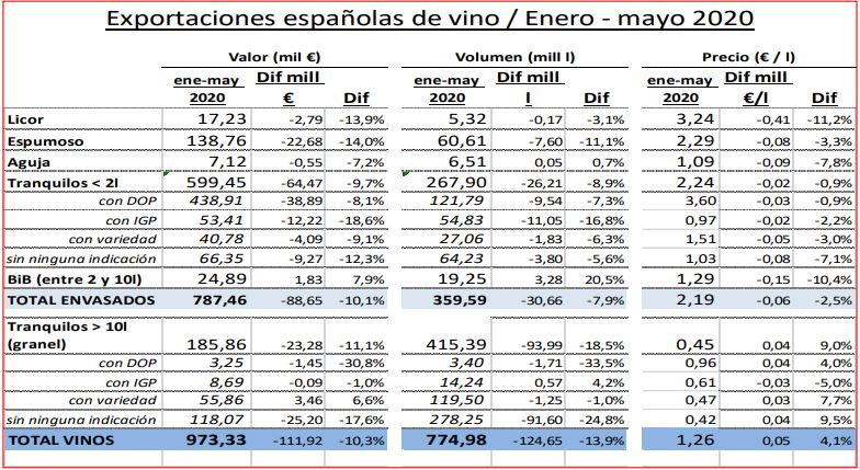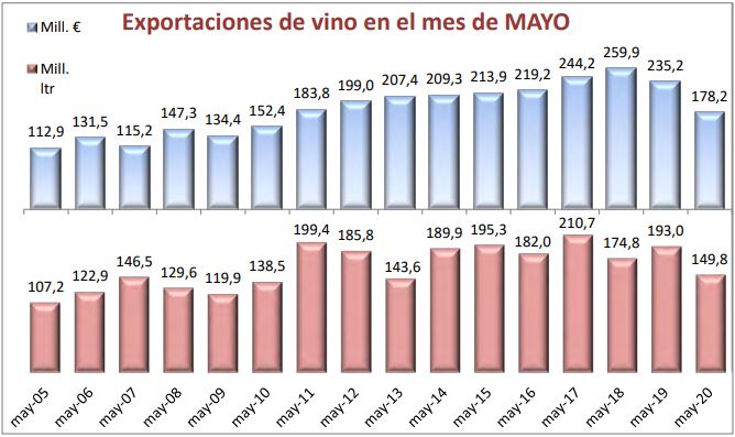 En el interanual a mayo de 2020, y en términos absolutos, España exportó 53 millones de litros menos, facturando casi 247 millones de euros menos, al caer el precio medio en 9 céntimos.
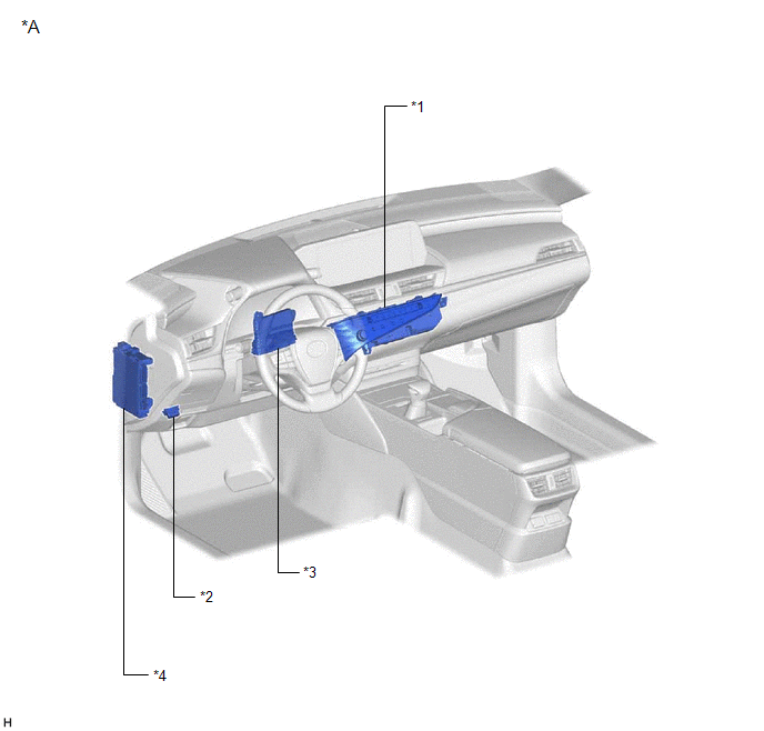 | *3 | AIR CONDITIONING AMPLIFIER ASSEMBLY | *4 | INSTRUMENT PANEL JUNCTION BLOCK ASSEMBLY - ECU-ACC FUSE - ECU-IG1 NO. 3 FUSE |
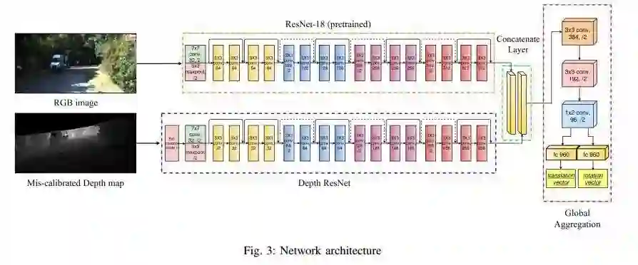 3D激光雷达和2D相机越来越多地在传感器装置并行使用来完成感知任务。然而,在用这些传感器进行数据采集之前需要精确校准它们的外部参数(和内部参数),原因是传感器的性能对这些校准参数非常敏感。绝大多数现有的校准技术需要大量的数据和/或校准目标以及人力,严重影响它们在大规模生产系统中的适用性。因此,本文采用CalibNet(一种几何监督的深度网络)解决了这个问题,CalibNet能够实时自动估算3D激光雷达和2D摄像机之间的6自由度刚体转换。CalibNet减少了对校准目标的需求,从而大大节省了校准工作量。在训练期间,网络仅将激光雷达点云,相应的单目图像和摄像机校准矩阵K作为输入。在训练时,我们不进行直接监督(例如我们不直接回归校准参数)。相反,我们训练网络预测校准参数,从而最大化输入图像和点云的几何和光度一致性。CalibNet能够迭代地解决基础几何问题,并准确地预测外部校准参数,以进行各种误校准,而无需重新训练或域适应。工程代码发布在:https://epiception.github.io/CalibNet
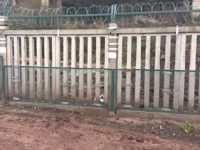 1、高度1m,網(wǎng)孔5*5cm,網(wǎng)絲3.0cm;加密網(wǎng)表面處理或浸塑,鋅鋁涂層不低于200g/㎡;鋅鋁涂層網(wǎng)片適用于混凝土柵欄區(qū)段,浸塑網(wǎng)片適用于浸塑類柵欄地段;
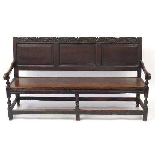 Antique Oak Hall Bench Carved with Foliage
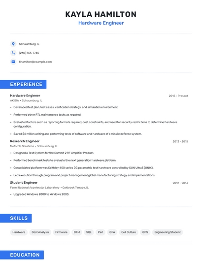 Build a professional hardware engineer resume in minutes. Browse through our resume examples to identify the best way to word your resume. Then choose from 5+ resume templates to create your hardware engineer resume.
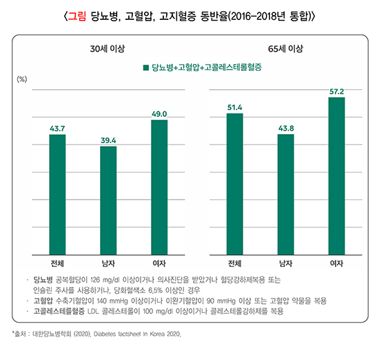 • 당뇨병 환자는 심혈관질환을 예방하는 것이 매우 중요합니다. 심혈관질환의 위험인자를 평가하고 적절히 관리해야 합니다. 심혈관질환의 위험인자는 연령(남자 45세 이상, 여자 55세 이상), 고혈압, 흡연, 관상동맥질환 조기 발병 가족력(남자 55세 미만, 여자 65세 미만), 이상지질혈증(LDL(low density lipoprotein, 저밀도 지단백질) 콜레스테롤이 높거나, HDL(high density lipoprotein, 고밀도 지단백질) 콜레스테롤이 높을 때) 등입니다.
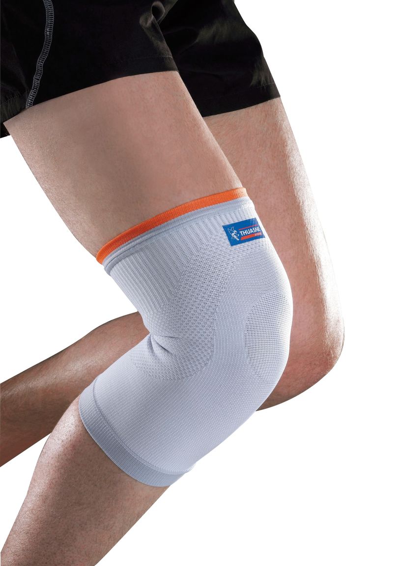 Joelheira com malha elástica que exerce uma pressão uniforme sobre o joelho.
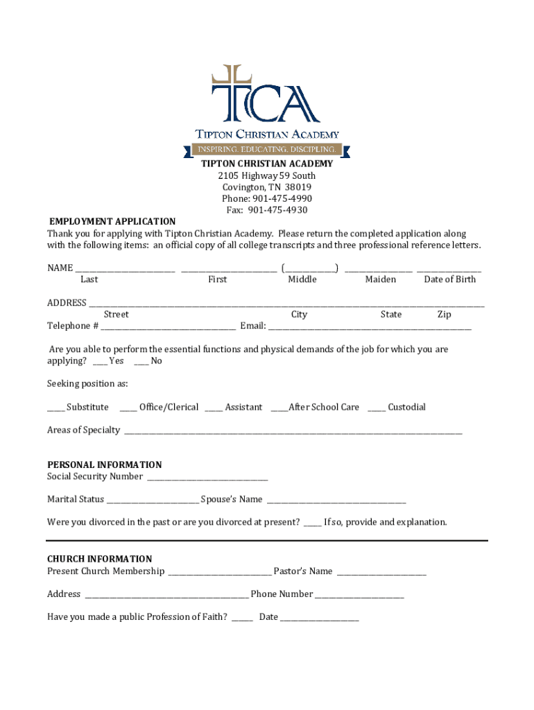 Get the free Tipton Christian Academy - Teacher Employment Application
#####
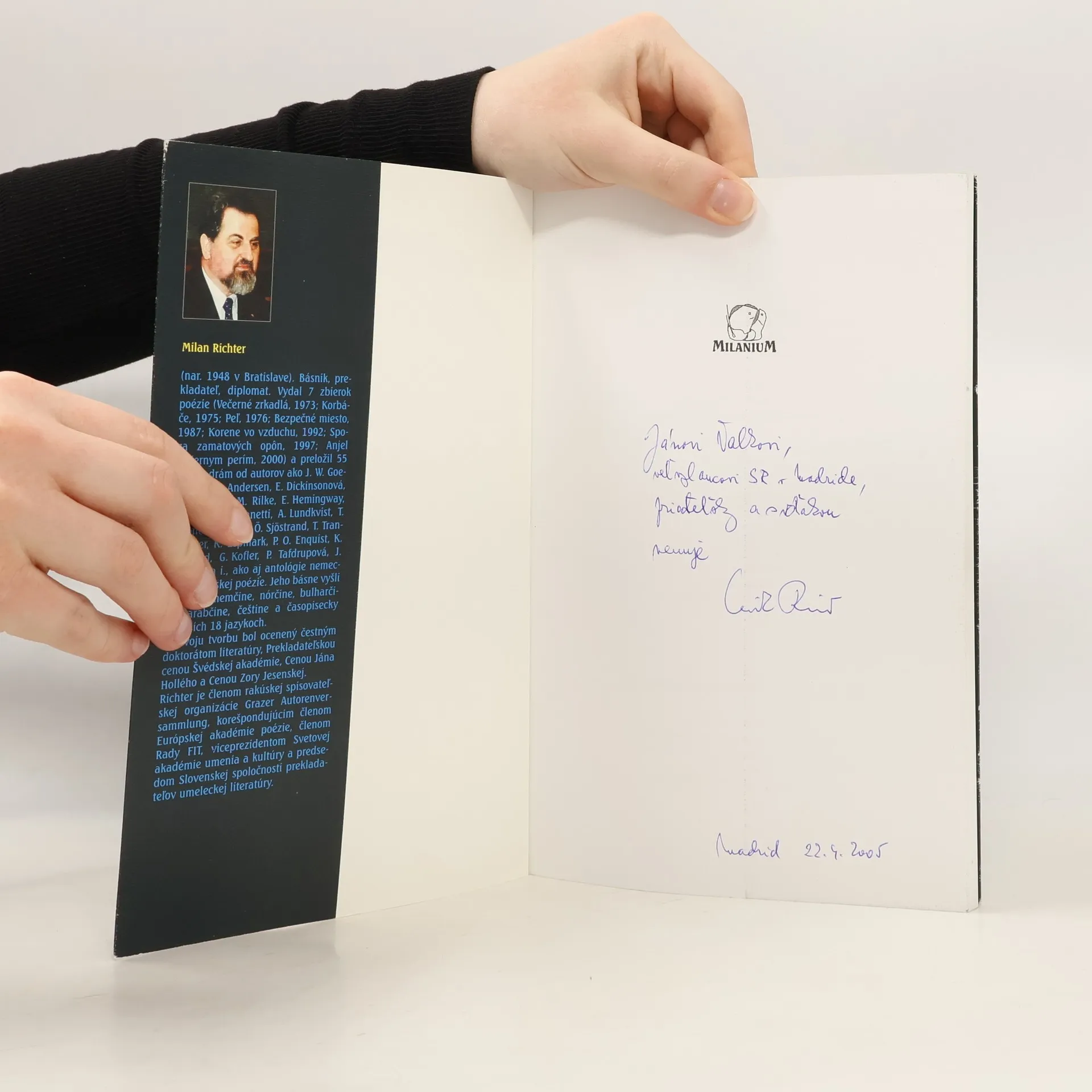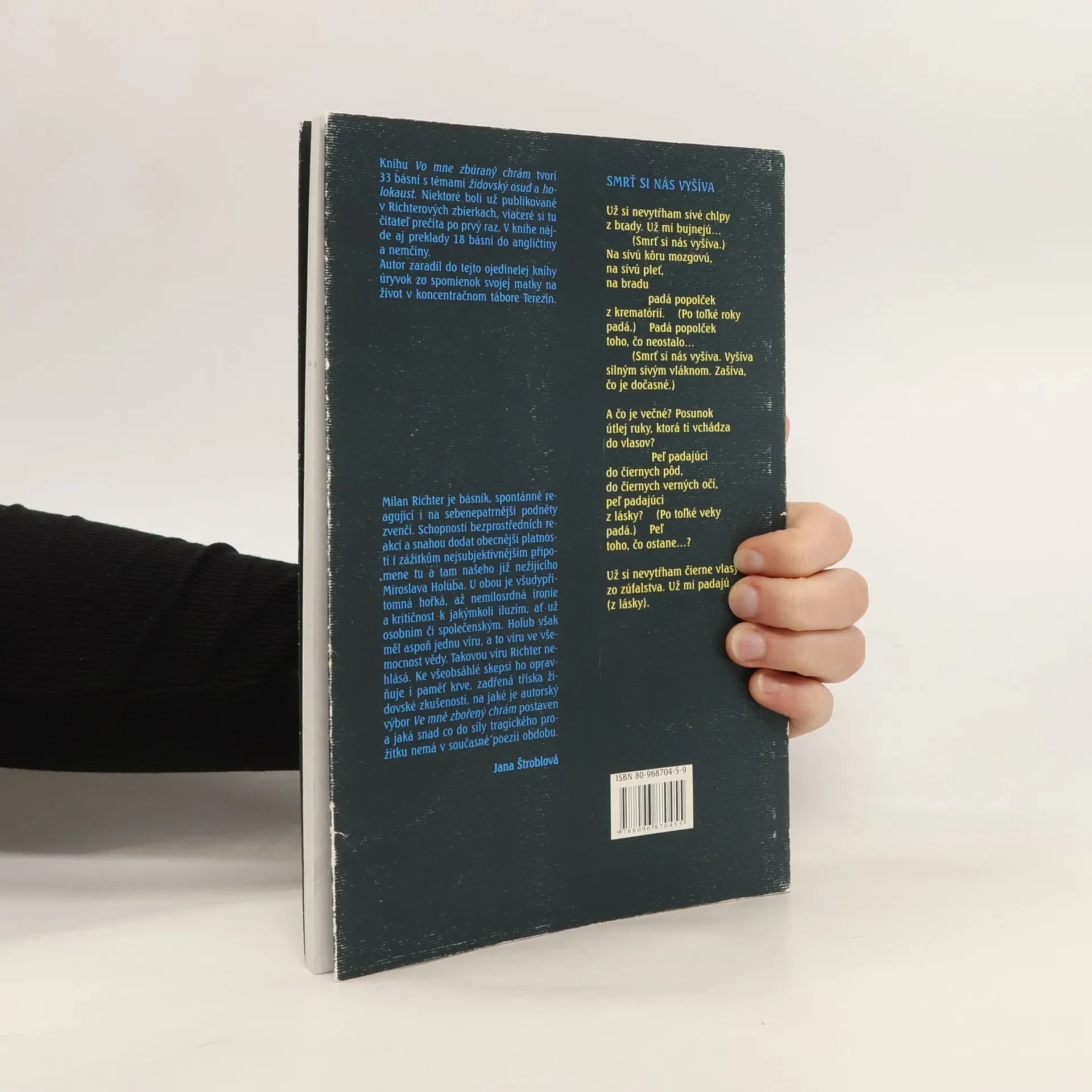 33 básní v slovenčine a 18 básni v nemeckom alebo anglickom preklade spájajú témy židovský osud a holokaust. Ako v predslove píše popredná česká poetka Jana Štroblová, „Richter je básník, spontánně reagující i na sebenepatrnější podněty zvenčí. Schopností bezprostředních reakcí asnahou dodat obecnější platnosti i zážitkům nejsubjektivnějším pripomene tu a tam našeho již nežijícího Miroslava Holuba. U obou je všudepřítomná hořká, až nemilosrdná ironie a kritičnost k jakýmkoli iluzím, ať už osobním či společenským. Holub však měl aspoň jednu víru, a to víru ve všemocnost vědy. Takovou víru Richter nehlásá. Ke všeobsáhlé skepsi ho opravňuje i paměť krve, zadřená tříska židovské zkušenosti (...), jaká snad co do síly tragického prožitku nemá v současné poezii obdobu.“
#####
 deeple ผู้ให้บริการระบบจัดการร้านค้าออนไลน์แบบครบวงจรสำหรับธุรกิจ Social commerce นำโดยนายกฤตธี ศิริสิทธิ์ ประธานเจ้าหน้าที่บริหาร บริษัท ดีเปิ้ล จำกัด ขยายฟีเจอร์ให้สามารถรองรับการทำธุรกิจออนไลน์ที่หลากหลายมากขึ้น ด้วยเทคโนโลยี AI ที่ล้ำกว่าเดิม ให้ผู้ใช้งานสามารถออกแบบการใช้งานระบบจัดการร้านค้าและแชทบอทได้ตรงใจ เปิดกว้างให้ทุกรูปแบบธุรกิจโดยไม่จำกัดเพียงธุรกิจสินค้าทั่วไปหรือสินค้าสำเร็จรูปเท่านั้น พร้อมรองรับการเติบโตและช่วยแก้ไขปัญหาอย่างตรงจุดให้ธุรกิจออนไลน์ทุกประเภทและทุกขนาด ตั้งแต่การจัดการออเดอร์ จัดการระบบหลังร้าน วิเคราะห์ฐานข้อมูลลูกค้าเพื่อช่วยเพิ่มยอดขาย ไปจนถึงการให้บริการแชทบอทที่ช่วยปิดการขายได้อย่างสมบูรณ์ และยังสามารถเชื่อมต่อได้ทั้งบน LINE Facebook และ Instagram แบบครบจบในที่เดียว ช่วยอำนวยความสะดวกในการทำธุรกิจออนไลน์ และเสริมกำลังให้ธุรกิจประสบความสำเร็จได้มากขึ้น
#####
(What to produce) I would like the exact lines from the data above, starting with the one that holds "Joelheira com malha" and going on through the one that holds "Get the free", without the pictures.

(Reply to the task)
 Joelheira com malha elástica que exerce uma pressão uniforme sobre o joelho.
 Get the free Tipton Christian Academy - Teacher Employment Application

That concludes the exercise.